Theme 4: potential risks and barriers
Challenges of a cognitive strengths approach
Clinicians were concerned that a cognitive strengths approach could reduce attention toward deficits or acute needs. If therapeutic time was made available for assessing and working with cognitive strengths, clinicians may “end up not really focusing on what’s not going so well” (P6) and “almost ignore the deficits” (P1). Similarly, focusing on cognitive strengths was thought to interfere with risk assessment or management of acute psychotic symptoms. Nevertheless, several clinicians believed that young people’s difficulties would not be neglected given that the prevailing focus was on deficits.
Clinicians were further concerned that a cognitive strengths approach would engender unrealistic hope for young people. This could occur when few, or fewer than expected, cognitive strengths were found or where, “the strengths that you find may not be the strengths that young people want to have in their brain” (P8). Clinicians also indicated that false hope could arise if cognitive strengths identified during recovery regressed during relapse. Some clinicians felt that this situation could cause young people to experience a greater sense of loss: “and that might, if it didn’t go well, that might bring about a sense of hopelessness” (P9).
Clinicians were also concerned that focusing on cognitive strengths would risk invalidating young people’s concerns:
“If you talk too much about strengths, it can be perceived as dismissing, like, ‘things are really shit for me right now and we’re talking about what’s...what I’m doing right’?” (P1).

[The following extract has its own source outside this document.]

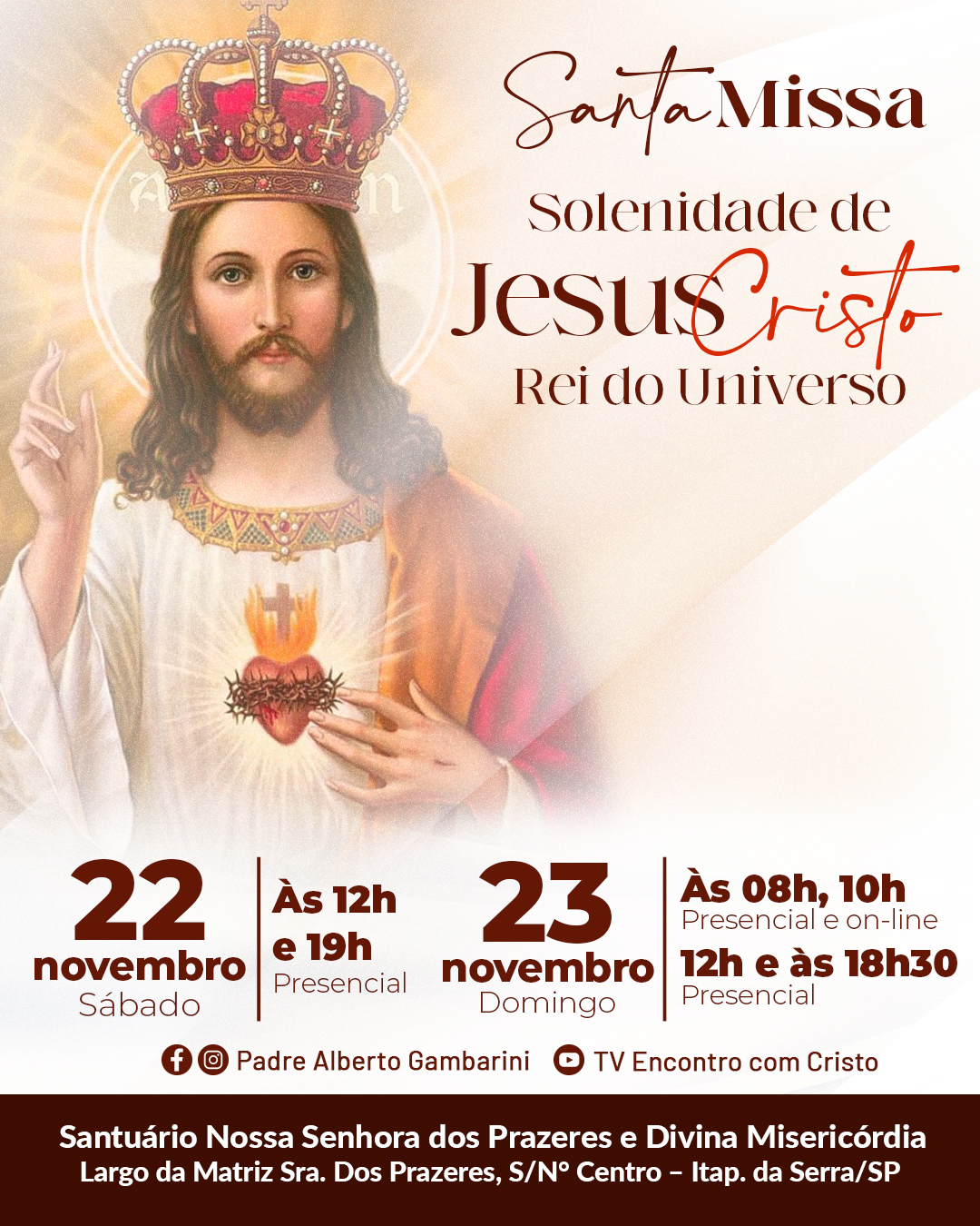 Santa Missa: Solenidade de Jesus Cristo, Rei do Universo – 12h e às 19h

Challenges within the FEP service context
Time and resource limitations were frequently highlighted as a barrier to cognitive strengths assessment and treatment. Most clinicians believed it would be difficult to implement new assessments with their current time constraints:
“I think a big factor for a lot of clinicians is the time constraints that holding an assessment sort of has on your demands” (P2); “The biggest thing is time, really.” (P6).
Some clinicians were concerned about implementing a cognition-specific treatment, due to the variability in perspectives and experience in working with cognition across the early psychosis multidisciplinary teams. Others expressed related concerns that any new assessment would need to involve significant training of service staff. To address both the time and training/resourcing concerns, many clinicians indicated a preference for any cognitive strengths assessment to be outsourced to a specialist clinician or built into the service’s intake processes.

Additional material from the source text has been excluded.